Records shown ::

+---+

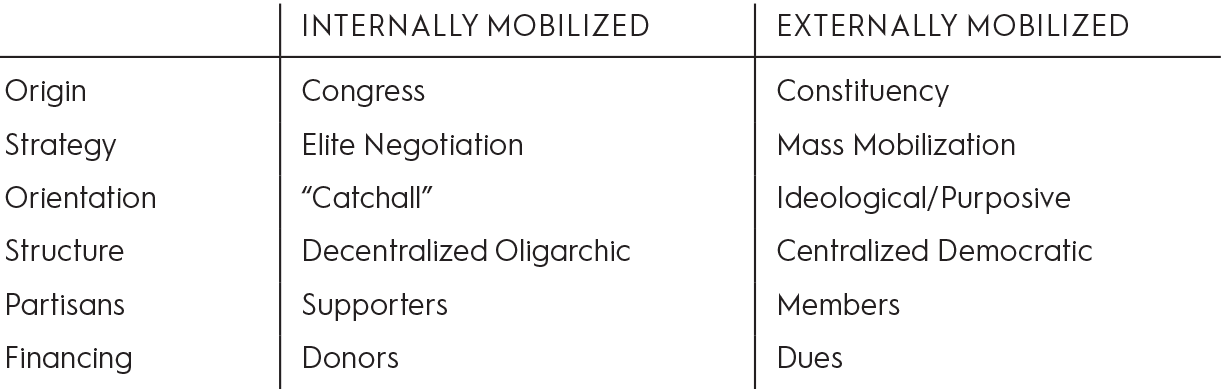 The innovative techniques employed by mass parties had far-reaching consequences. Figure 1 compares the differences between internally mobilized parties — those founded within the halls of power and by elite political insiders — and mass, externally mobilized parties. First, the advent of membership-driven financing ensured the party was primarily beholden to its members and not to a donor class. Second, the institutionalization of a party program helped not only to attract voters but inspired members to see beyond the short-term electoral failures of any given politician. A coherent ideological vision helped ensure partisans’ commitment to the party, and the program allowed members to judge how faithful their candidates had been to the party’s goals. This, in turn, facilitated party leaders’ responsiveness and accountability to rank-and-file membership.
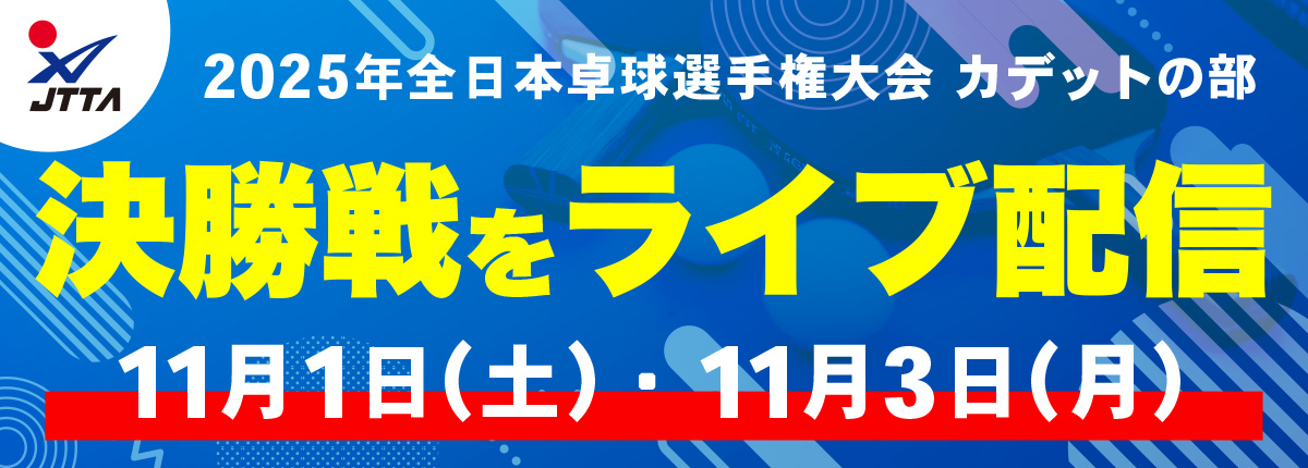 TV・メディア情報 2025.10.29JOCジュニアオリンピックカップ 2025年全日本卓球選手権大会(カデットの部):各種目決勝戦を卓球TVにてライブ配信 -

+---+

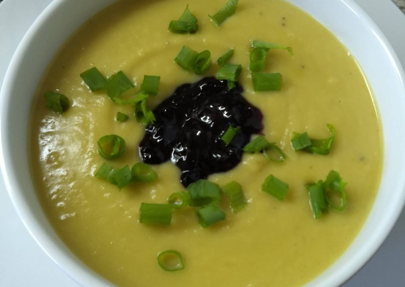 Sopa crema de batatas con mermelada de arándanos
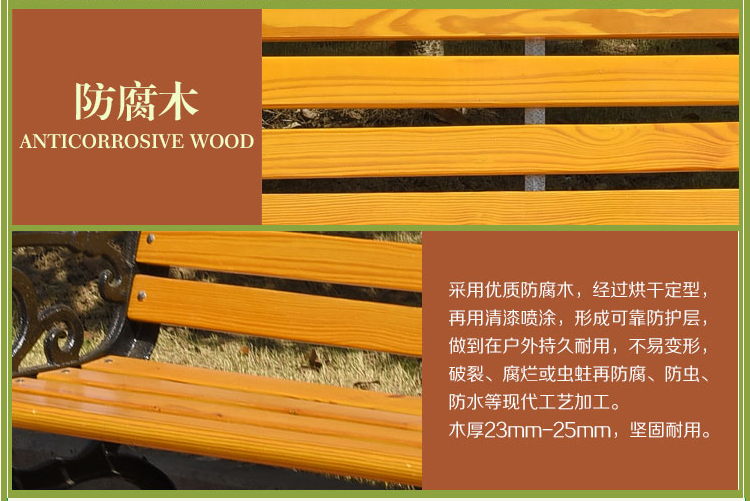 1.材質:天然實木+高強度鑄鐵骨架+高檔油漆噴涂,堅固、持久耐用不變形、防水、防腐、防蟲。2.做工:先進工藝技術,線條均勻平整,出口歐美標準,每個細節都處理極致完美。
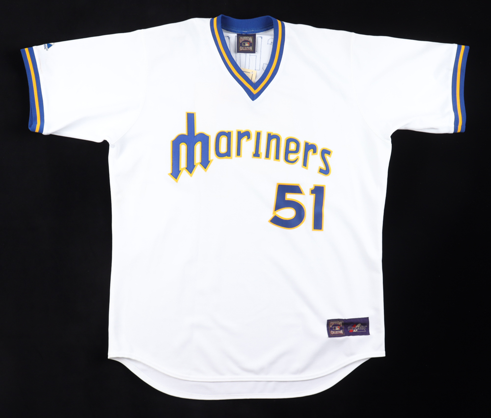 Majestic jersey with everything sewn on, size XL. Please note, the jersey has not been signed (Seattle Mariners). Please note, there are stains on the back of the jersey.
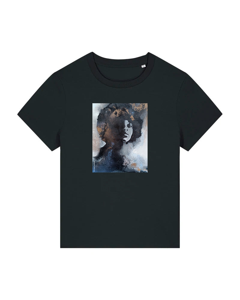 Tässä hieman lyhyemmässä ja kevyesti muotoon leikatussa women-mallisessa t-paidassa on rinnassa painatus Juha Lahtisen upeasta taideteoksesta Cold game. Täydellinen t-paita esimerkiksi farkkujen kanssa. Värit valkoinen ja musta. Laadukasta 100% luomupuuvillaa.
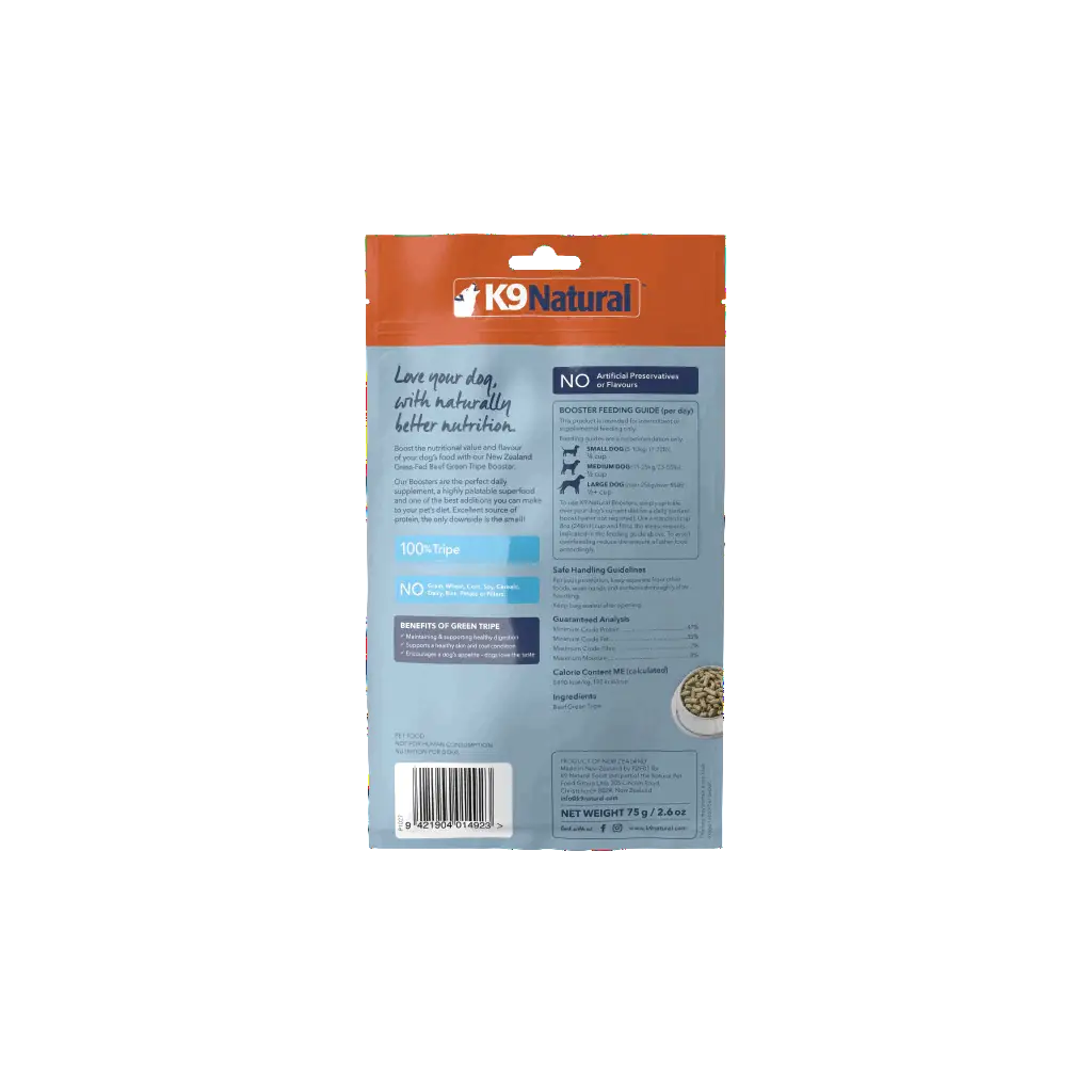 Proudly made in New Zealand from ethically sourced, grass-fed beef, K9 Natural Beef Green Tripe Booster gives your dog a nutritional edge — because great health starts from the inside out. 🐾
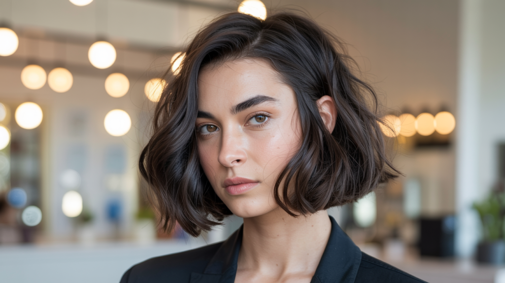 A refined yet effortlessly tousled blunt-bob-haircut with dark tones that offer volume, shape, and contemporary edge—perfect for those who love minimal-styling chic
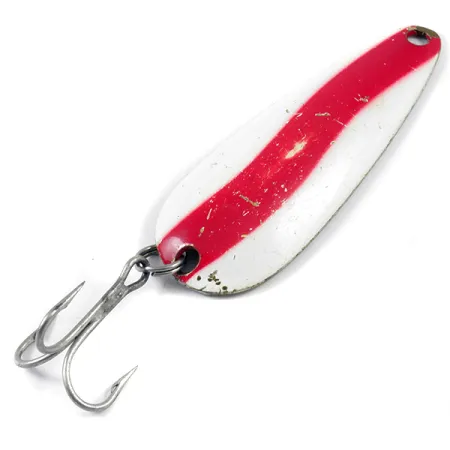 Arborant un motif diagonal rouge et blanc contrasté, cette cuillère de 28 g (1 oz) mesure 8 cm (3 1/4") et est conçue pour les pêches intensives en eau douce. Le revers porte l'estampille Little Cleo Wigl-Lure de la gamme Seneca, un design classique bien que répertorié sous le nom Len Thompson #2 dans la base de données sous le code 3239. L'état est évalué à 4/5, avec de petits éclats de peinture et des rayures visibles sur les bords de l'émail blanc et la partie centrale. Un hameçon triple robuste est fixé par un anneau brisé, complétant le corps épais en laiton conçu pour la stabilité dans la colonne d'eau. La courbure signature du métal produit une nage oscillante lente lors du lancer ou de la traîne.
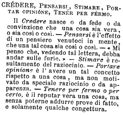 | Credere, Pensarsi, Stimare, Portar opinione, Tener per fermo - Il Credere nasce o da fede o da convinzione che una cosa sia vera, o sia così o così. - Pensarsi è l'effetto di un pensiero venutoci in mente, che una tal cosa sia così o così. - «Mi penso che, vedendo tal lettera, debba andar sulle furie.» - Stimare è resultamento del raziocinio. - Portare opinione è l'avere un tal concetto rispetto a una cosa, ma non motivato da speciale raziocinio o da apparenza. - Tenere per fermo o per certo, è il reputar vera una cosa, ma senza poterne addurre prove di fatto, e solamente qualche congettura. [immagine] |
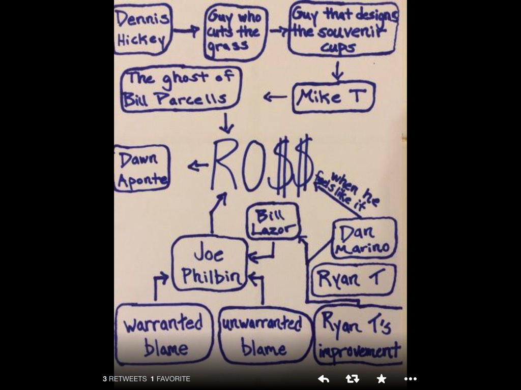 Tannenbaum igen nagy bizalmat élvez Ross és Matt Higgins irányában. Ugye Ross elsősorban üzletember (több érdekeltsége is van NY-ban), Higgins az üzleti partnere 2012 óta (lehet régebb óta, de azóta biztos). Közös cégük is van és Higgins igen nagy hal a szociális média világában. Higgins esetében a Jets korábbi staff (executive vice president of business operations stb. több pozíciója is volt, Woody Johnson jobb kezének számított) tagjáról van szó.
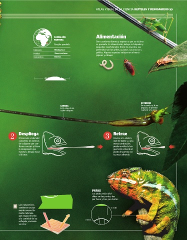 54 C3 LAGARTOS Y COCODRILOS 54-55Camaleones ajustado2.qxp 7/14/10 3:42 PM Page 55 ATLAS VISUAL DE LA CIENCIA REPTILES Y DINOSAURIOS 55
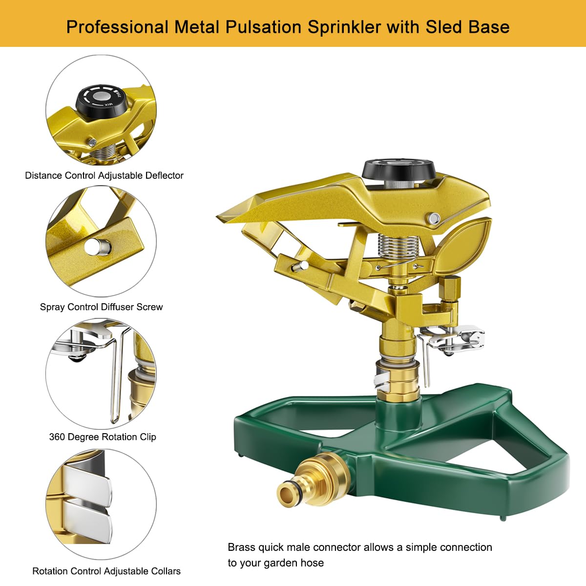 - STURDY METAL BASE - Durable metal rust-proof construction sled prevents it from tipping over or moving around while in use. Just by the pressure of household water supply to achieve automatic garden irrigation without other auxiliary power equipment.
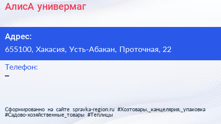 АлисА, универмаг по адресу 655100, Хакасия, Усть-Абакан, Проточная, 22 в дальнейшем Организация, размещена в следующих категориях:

+---+

Work order :: Transcribe, from the material above, the stretch starting at the line with "54 C3 LAGARTOS" and ending at the line with "АлисА, универмаг по", both included, exactly. Do not carry over pictures.

Solution for this problem ::
 54 C3 LAGARTOS Y COCODRILOS 54-55Camaleones ajustado2.qxp 7/14/10 3:42 PM Page 55 ATLAS VISUAL DE LA CIENCIA REPTILES Y DINOSAURIOS 55
 - STURDY METAL BASE - Durable metal rust-proof construction sled prevents it from tipping over or moving around while in use. Just by the pressure of household water supply to achieve automatic garden irrigation without other auxiliary power equipment.
 АлисА, универмаг по адресу 655100, Хакасия, Усть-Абакан, Проточная, 22 в дальнейшем Организация, размещена в следующих категориях:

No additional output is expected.